(RECORDS PROVIDED):
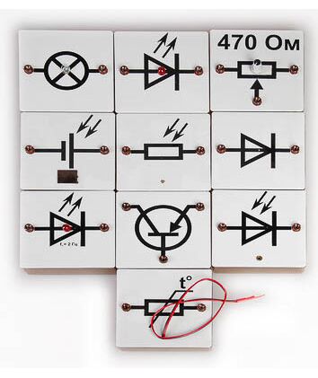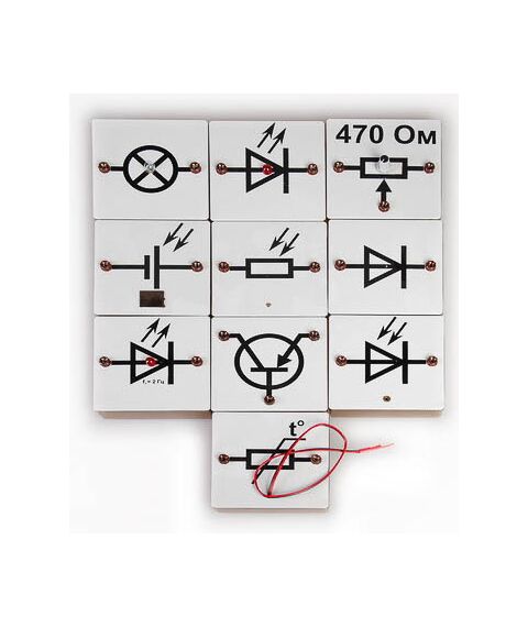 Комплектность: модуль солнечного элемента питания – 1 шт., модуль терморезистора – 1 шт., модуль фоторезистора – 1 шт., модуль диода – 1 шт., модуль светодиода постоянного свечения – 1 шт., модуль мигающего светодиода – 1 шт., модуль фотодиода – 1 шт., модуль транзистора – 1 шт., модуль низковольтной лампочки – 1 шт., модуль переменного резистора – 1 шт., руководство по эксплуатации – 1 шт.
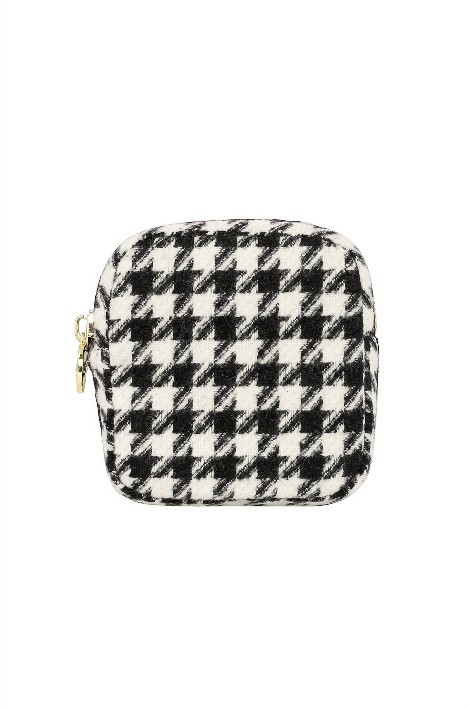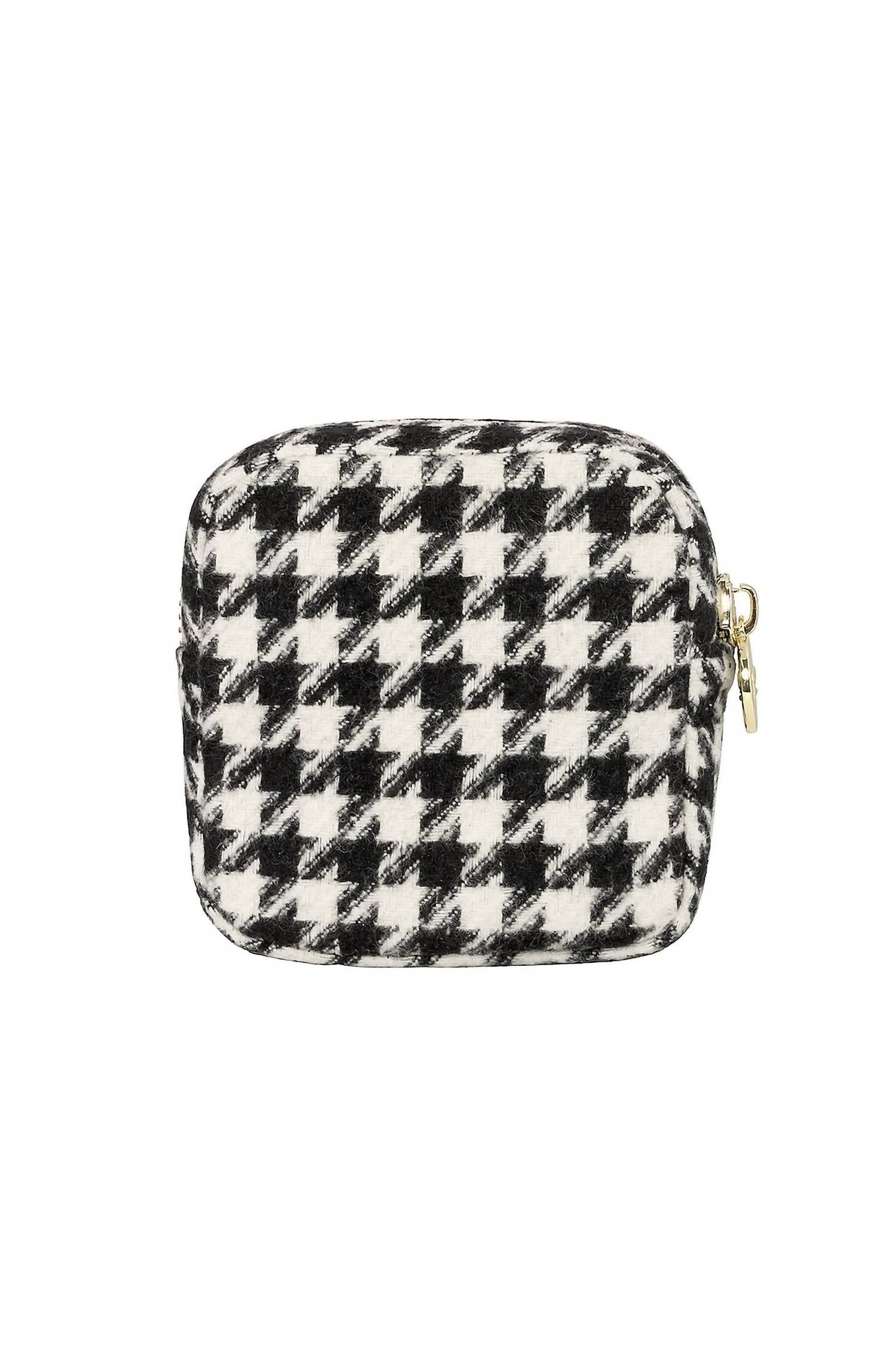 Houndstooth print design. Top zipper closure for secure storage. Easy to clean with spot cleaning. Dimensions: 5"L x 4.75"W x 2"D. Made of polyester.
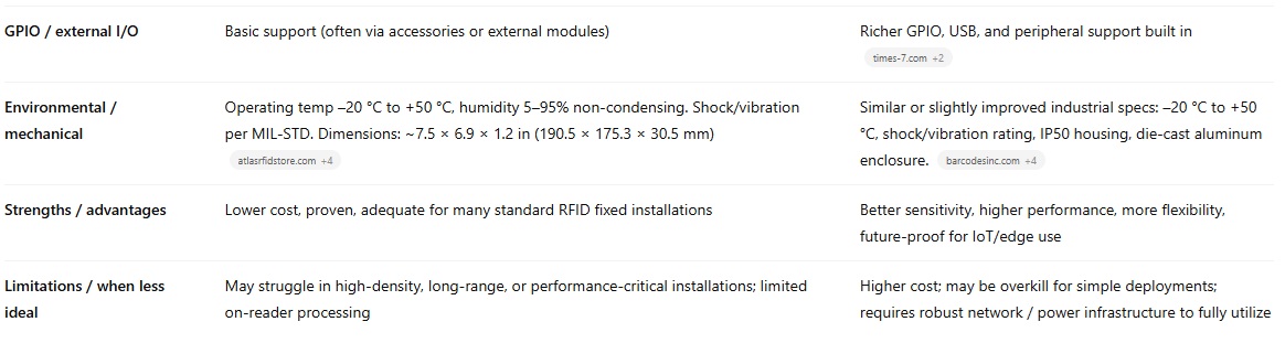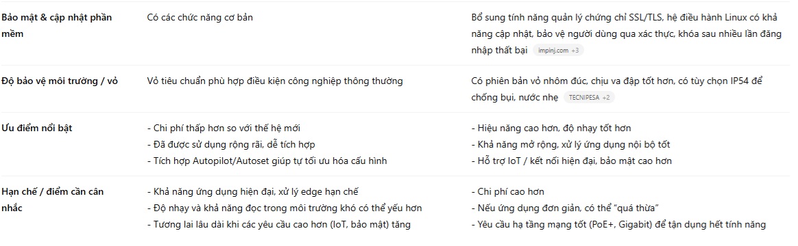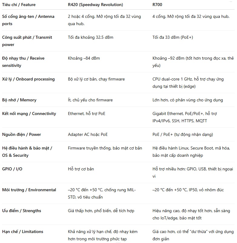 Nếu bạn cần hệ thống RFID với hiệu năng cao, độ nhạy tốt, mở rộng lớn hơn, tích hợp IoT / xử lý dữ liệu tại biên (edge), hoặc muốn thiết bị “chuẩn tương lai” với khả năng nâng cấp và bảo mật, thì R700 là lựa chọn mạnh mẽ hơn mặc dù chi phí cao hơn.
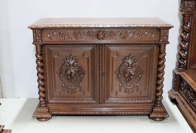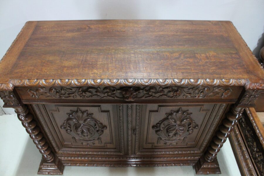 – Une commode richement sculptée à l’instar des autres meubles ouvrant à 1 tiroir en ceinture ainsi que 2 portes révélant 3 tiroirs dont les côtés sont découpés en forme mouvementée vers l’avant.
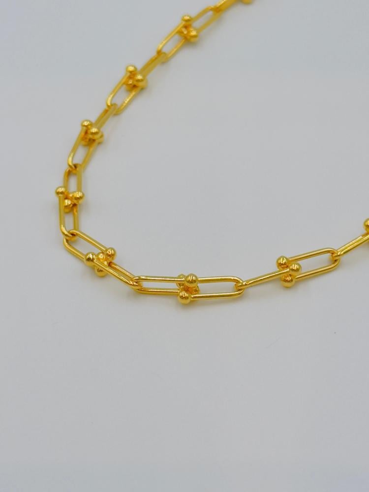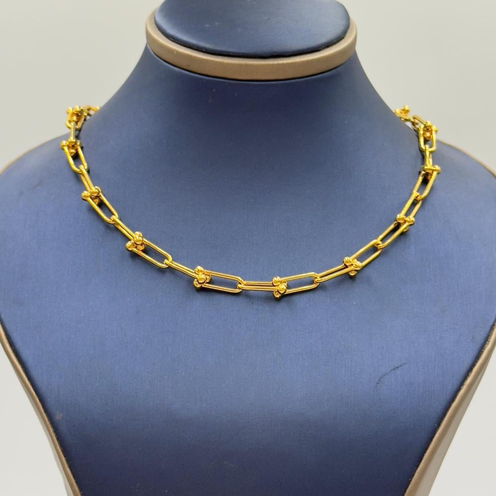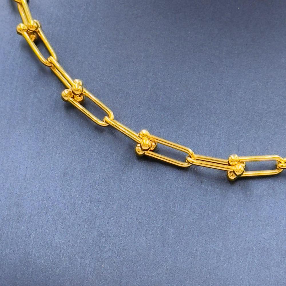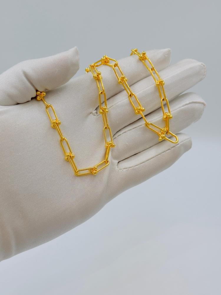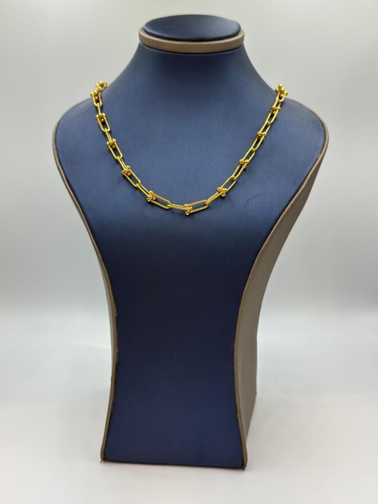 📋 Product Description: Stand out with a refined look wearing this exquisite Tiffany-style necklace, crafted from pure 21K yellow gold. This elegant piece features elongated rectangular links adorned with small gold beads, offering a perfect blend of luxury and modern design. Ideal for daily wear or as a luxurious gift.
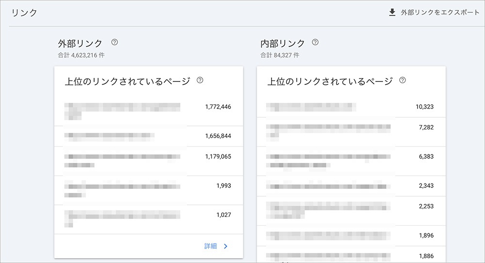 | リンクされているページ | どのページがどのくらい外部からリンクされているか |
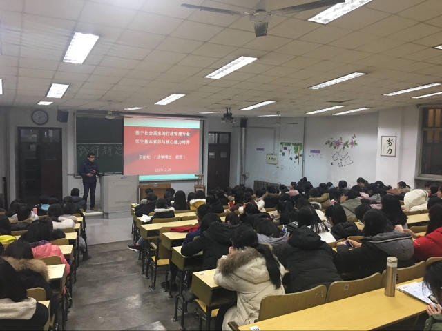 12月28日晚,法公司党员教师大讲堂系列报告之一王柏松教授报告会在东校区3号教学楼107教室顺利举行。此次报告会由行政管理系系主任王柏松教室主讲,伟德victor1946网站2017级员工聆听了此次讲座。
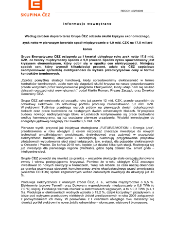 ČEZ, a. s. REGON 45274649 Informacje wewnętrzne Według założeń dopiero teraz Grupa ČEZ odczuła skutki kryzysu ekonomicznego, zysk netto w pierwszym kwartale spadł międzyrocznie o 1,9 mld. CZK na 17,5 miliard koron Grupa Energetyczna ČEZ osiągnęła za I kwartał ubiegłego roku zysk netto 17,5 mld. CZK, co tworzy międzyroczny spadek o 9,9 procent. Spadek zysku spowodowany jest kryzysem ekonomicznym, który odbił się w spadku cen elektryczności. Niniejszy spadek cen, który wynosił kilkadziesiąt procent, udało się ČEZ częściowo skompensować sprzedażą elektryczności za wyższe przedkryzysowe ceny w formie kontraktów terminowych. „Oprócz pomyślnej strategii handlowej, kiedy sprzedawaliśmy elektryczność w formie kontraktów terminowych, udało nam się złagodzić skutki kryzysu na nasze gospodarowanie przede wszystkim przez kontynuowanie programu Efektywność, kiedy udaje nam się szukać dalszych oszczędności wewnętrznych,“ podał Martin Roman, Prezes Zarządu oraz Dyrektor Generalny ČEZ. Grupa ČEZ zainwestowała od początku roku już prawie 12 mld. CZK, przede wszystkim do odbudowy elektrowni. Do odbudowy portfelu produkcji zainwestowano 5,3 mld. CZK. W elektrowni Tušimice przebiega rozruch próbny na pierwszych dwóch dokończonych blokach oraz prace budowlane na następnych dwóch odnawianych blokach. W projekcie budowy nowego nadkrytycznego bloku w Ledvicach kontynuowane są prace budowlane według harmonogramu, są już osadzane pierwsze urządzenia. Wydatki inwestycyjne do energetyki jądrowej osiągnęły za I kwartał 2,5 mld. CZK. Pierwsze wyniki przynosi już inicjatywa strategiczna „FUTUR/E/MOTION – Energia jutra“, przedstawiona w roku ubiegłym z celem rozpocząć znaczące inwestycje do nowych technologii umożliwiających produkować, dystrybuować oraz zużywać w przyszłości elektryczność bardziej efektywnie i oszczędniej. Kulminują przygotowania projektów pilotażowych wybudowania sieci stacji ładujących, tzw. e-stacji, dla pojazdów elektrycznych w Ostrawie i Pradze. Do końca 2010 roku będzie już działać kilka tych stacji. Rozkręcają się już inwestycje dla pierwszego regionu (Vrchlabí), gdzie będą działać tzw. smart grids – inteligentne sieci. Grupie ČEZ powodzi się również za granicą – wszystkie akwizycje stale osiągają planowane zwroty i wbrew postępującemu kryzysowi. Pomimo że w roku ubiegłym ČEZ znacząco inwestował do nowych akwizycji w Niemczech, Turcji lub Albanii, za czas naszej obecności za granicą przekracza stosunek kumulowanego zysku eksploatacyjnego przed amortyzacją (wskaźnik EBITDA) spółek zagranicznych wobec całkowitych inwestycji do akwizycji już 45 %. Produkcja elektryczności z własnych źródeł ČEZ, a. s., wzrosła międzyrocznie o 5,5 %. Elektrownie jądrowe Temelín oraz Dukovany wyprodukowały międzyrocznie o 0,6 TWh (o 7,0 %) więcej. Produkcja wzrosła również w elektrowniach węglowych, a to o 0,3 TWh (o 4,1 %). Produkcja w elektrowniach wodnych wzrosła o 13,2 %, dzięki korzystnym przepływom, a także pod wpływem przebudowy niektórych źródeł zrealizowanych w roku 2009 związanych z podwyższaniem ich mocy. W porównaniu z I kwartałem ubiegłego roku rozszerzył się również portfel elektrowni o nowe źródła odnawialne – słoneczne, wiatrowe i biomasowe. ČEZ, a. s. REGON 45274649 „Kryzys gospodarczy miał znaczący wpływ na zużycie elektryczności w Republice Czeskiej, ale w ostatnich 5 miesiącach widzimy już zmianę. Popyt na elektryczność w Republice Czeskiej według danych wstępnych za I kwartał 2010 wzrósł międzyrocznie o 1,4 %, po przeliczeniu na standard temperaturowy o 1,0 %. Zużycie odbiorców hurtowych wzrosło o 2,3 %, zużycie przedsiębiorczego handlu detalicznego było wyższe o 2,2 %, a zużycie gospodarstw domowych było o 0,3 % niższe. Całkowity łagodny wzrost popytu na elektryczność jest prawdopodobnie spowodowany powoli kończącym się kryzysem ekonomicznym,“ podał Michal Skalka, Dyrektor Działu Trading. Tabela: Wyniki gospodarcze Grupy ČEZ za I kwartał 2010 (mil. CZK) Dochody eksploatacyjne zmiana międzyroczna % 53 886 -0,1 % 27 331 -9,6 % Zysk przed opodatkowaniem 21 463 -10,5 % Zysk po opodatkowaniu 17 462 -9,9 % EBITDA (lub amortyzacją) Zysk eksploatacyjny przed
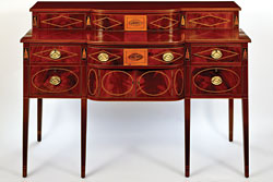Sideboard, Charleston, South Carolina, 1790–1800. Mahogany and mahogany veneer with ash (drawer supports), tulip poplar (drawer bottoms), and white pine. H. 45-1/2, W. 66-3/4, D. 31 in. Courtesy, the Rivers Collection. Photography by Gavin Ashworth.
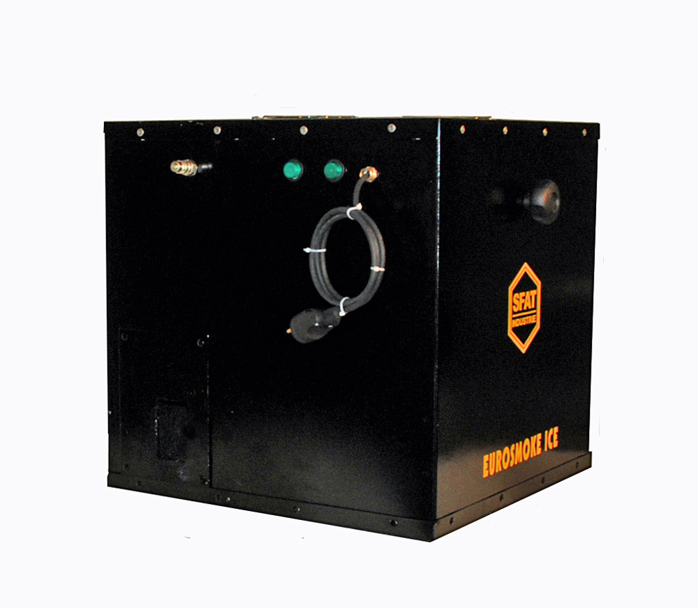 Описание: Euromoke Ice е система която произвежда впечатляващо количество голям обем тежък, нисък качествен пушек за продължително време.Ефекта е подходящ за телевизионни предавания, концерти, събития, нощен клуб и рентал събития. Публиката има усещането, че облаците са им в краката! Използва CO2 технология, вграден вентилатор и всички видове пушек машини (независимо от търговската марка). Боядисана прахово в черен цвят, има части като болтове от неръждаема стомана.
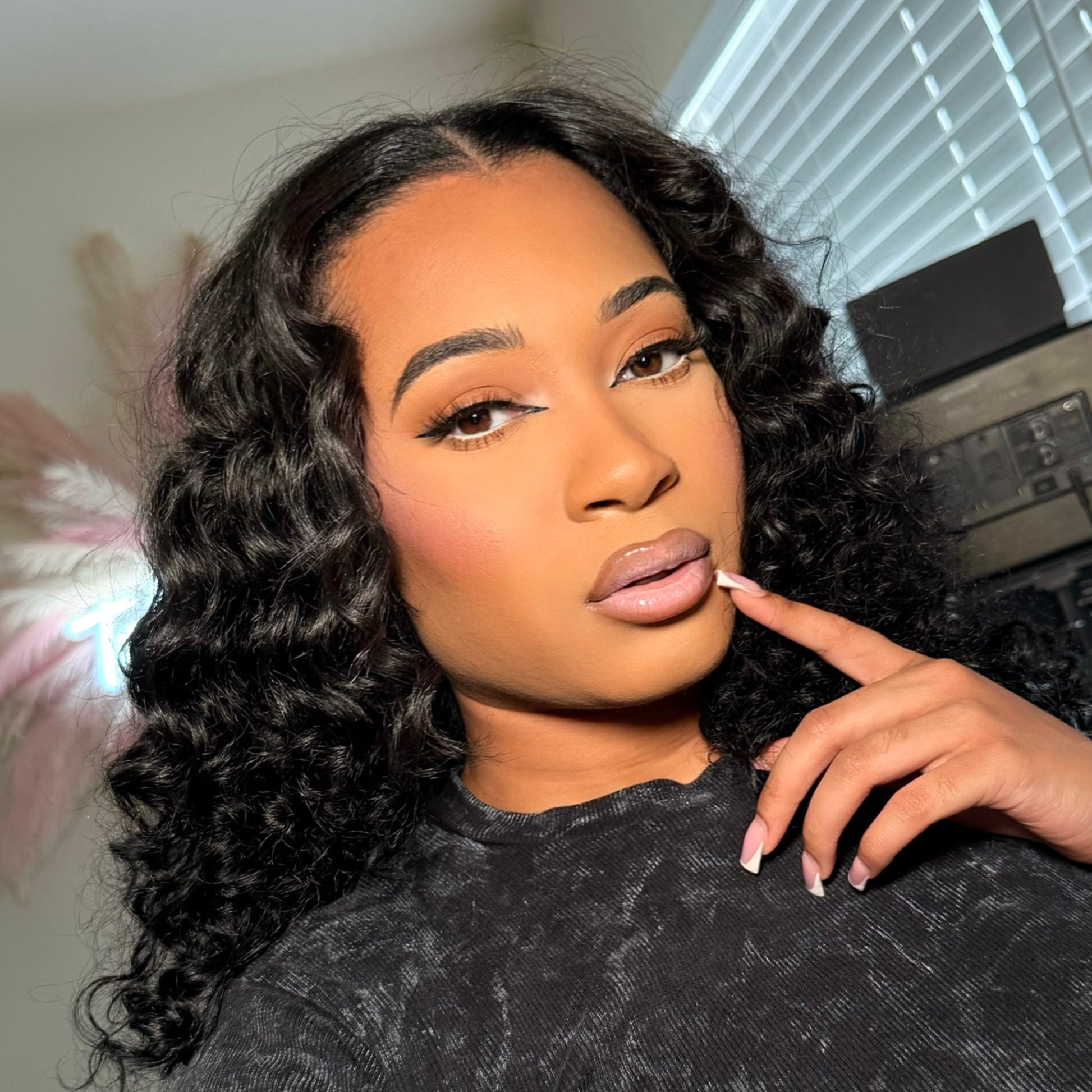 Second Picture: CEO Tali wearing Cinnamon lip liner and Pink Birthday gloss.

(DIRECTIONS FOR THIS TASK):
Print out every entry above without changing a word, and leave out the pictures.

(ANSWER TO THE PROBLEM):
 Комплектность: модуль солнечного элемента питания – 1 шт., модуль терморезистора – 1 шт., модуль фоторезистора – 1 шт., модуль диода – 1 шт., модуль светодиода постоянного свечения – 1 шт., модуль мигающего светодиода – 1 шт., модуль фотодиода – 1 шт., модуль транзистора – 1 шт., модуль низковольтной лампочки – 1 шт., модуль переменного резистора – 1 шт., руководство по эксплуатации – 1 шт.
 Houndstooth print design. Top zipper closure for secure storage. Easy to clean with spot cleaning. Dimensions: 5"L x 4.75"W x 2"D. Made of polyester.
 Nếu bạn cần hệ thống RFID với hiệu năng cao, độ nhạy tốt, mở rộng lớn hơn, tích hợp IoT / xử lý dữ liệu tại biên (edge), hoặc muốn thiết bị “chuẩn tương lai” với khả năng nâng cấp và bảo mật, thì R700 là lựa chọn mạnh mẽ hơn mặc dù chi phí cao hơn.
 – Une commode richement sculptée à l’instar des autres meubles ouvrant à 1 tiroir en ceinture ainsi que 2 portes révélant 3 tiroirs dont les côtés sont découpés en forme mouvementée vers l’avant.
 📋 Product Description: Stand out with a refined look wearing this exquisite Tiffany-style necklace, crafted from pure 21K yellow gold. This elegant piece features elongated rectangular links adorned with small gold beads, offering a perfect blend of luxury and modern design. Ideal for daily wear or as a luxurious gift.
 | リンクされているページ | どのページがどのくらい外部からリンクされているか |
 12月28日晚,法公司党员教师大讲堂系列报告之一王柏松教授报告会在东校区3号教学楼107教室顺利举行。此次报告会由行政管理系系主任王柏松教室主讲,伟德victor1946网站2017级员工聆听了此次讲座。
 ČEZ, a. s. REGON 45274649 Informacje wewnętrzne Według założeń dopiero teraz Grupa ČEZ odczuła skutki kryzysu ekonomicznego, zysk netto w pierwszym kwartale spadł międzyrocznie o 1,9 mld. CZK na 17,5 miliard koron Grupa Energetyczna ČEZ osiągnęła za I kwartał ubiegłego roku zysk netto 17,5 mld. CZK, co tworzy międzyroczny spadek o 9,9 procent. Spadek zysku spowodowany jest kryzysem ekonomicznym, który odbił się w spadku cen elektryczności. Niniejszy spadek cen, który wynosił kilkadziesiąt procent, udało się ČEZ częściowo skompensować sprzedażą elektryczności za wyższe przedkryzysowe ceny w formie kontraktów terminowych. „Oprócz pomyślnej strategii handlowej, kiedy sprzedawaliśmy elektryczność w formie kontraktów terminowych, udało nam się złagodzić skutki kryzysu na nasze gospodarowanie przede wszystkim przez kontynuowanie programu Efektywność, kiedy udaje nam się szukać dalszych oszczędności wewnętrznych,“ podał Martin Roman, Prezes Zarządu oraz Dyrektor Generalny ČEZ. Grupa ČEZ zainwestowała od początku roku już prawie 12 mld. CZK, przede wszystkim do odbudowy elektrowni. Do odbudowy portfelu produkcji zainwestowano 5,3 mld. CZK. W elektrowni Tušimice przebiega rozruch próbny na pierwszych dwóch dokończonych blokach oraz prace budowlane na następnych dwóch odnawianych blokach. W projekcie budowy nowego nadkrytycznego bloku w Ledvicach kontynuowane są prace budowlane według harmonogramu, są już osadzane pierwsze urządzenia. Wydatki inwestycyjne do energetyki jądrowej osiągnęły za I kwartał 2,5 mld. CZK. Pierwsze wyniki przynosi już inicjatywa strategiczna „FUTUR/E/MOTION – Energia jutra“, przedstawiona w roku ubiegłym z celem rozpocząć znaczące inwestycje do nowych technologii umożliwiających produkować, dystrybuować oraz zużywać w przyszłości elektryczność bardziej efektywnie i oszczędniej. Kulminują przygotowania projektów pilotażowych wybudowania sieci stacji ładujących, tzw. e-stacji, dla pojazdów elektrycznych w Ostrawie i Pradze. Do końca 2010 roku będzie już działać kilka tych stacji. Rozkręcają się już inwestycje dla pierwszego regionu (Vrchlabí), gdzie będą działać tzw. smart grids – inteligentne sieci. Grupie ČEZ powodzi się również za granicą – wszystkie akwizycje stale osiągają planowane zwroty i wbrew postępującemu kryzysowi. Pomimo że w roku ubiegłym ČEZ znacząco inwestował do nowych akwizycji w Niemczech, Turcji lub Albanii, za czas naszej obecności za granicą przekracza stosunek kumulowanego zysku eksploatacyjnego przed amortyzacją (wskaźnik EBITDA) spółek zagranicznych wobec całkowitych inwestycji do akwizycji już 45 %. Produkcja elektryczności z własnych źródeł ČEZ, a. s., wzrosła międzyrocznie o 5,5 %. Elektrownie jądrowe Temelín oraz Dukovany wyprodukowały międzyrocznie o 0,6 TWh (o 7,0 %) więcej. Produkcja wzrosła również w elektrowniach węglowych, a to o 0,3 TWh (o 4,1 %). Produkcja w elektrowniach wodnych wzrosła o 13,2 %, dzięki korzystnym przepływom, a także pod wpływem przebudowy niektórych źródeł zrealizowanych w roku 2009 związanych z podwyższaniem ich mocy. W porównaniu z I kwartałem ubiegłego roku rozszerzył się również portfel elektrowni o nowe źródła odnawialne – słoneczne, wiatrowe i biomasowe. ČEZ, a. s. REGON 45274649 „Kryzys gospodarczy miał znaczący wpływ na zużycie elektryczności w Republice Czeskiej, ale w ostatnich 5 miesiącach widzimy już zmianę. Popyt na elektryczność w Republice Czeskiej według danych wstępnych za I kwartał 2010 wzrósł międzyrocznie o 1,4 %, po przeliczeniu na standard temperaturowy o 1,0 %. Zużycie odbiorców hurtowych wzrosło o 2,3 %, zużycie przedsiębiorczego handlu detalicznego było wyższe o 2,2 %, a zużycie gospodarstw domowych było o 0,3 % niższe. Całkowity łagodny wzrost popytu na elektryczność jest prawdopodobnie spowodowany powoli kończącym się kryzysem ekonomicznym,“ podał Michal Skalka, Dyrektor Działu Trading. Tabela: Wyniki gospodarcze Grupy ČEZ za I kwartał 2010 (mil. CZK) Dochody eksploatacyjne zmiana międzyroczna % 53 886 -0,1 % 27 331 -9,6 % Zysk przed opodatkowaniem 21 463 -10,5 % Zysk po opodatkowaniu 17 462 -9,9 % EBITDA (lub amortyzacją) Zysk eksploatacyjny przed
Sideboard, Charleston, South Carolina, 1790–1800. Mahogany and mahogany veneer with ash (drawer supports), tulip poplar (drawer bottoms), and white pine. H. 45-1/2, W. 66-3/4, D. 31 in. Courtesy, the Rivers Collection. Photography by Gavin Ashworth.
 Описание: Euromoke Ice е система която произвежда впечатляващо количество голям обем тежък, нисък качествен пушек за продължително време.Ефекта е подходящ за телевизионни предавания, концерти, събития, нощен клуб и рентал събития. Публиката има усещането, че облаците са им в краката! Използва CO2 технология, вграден вентилатор и всички видове пушек машини (независимо от търговската марка). Боядисана прахово в черен цвят, има части като болтове от неръждаема стомана.
 Second Picture: CEO Tali wearing Cinnamon lip liner and Pink Birthday gloss.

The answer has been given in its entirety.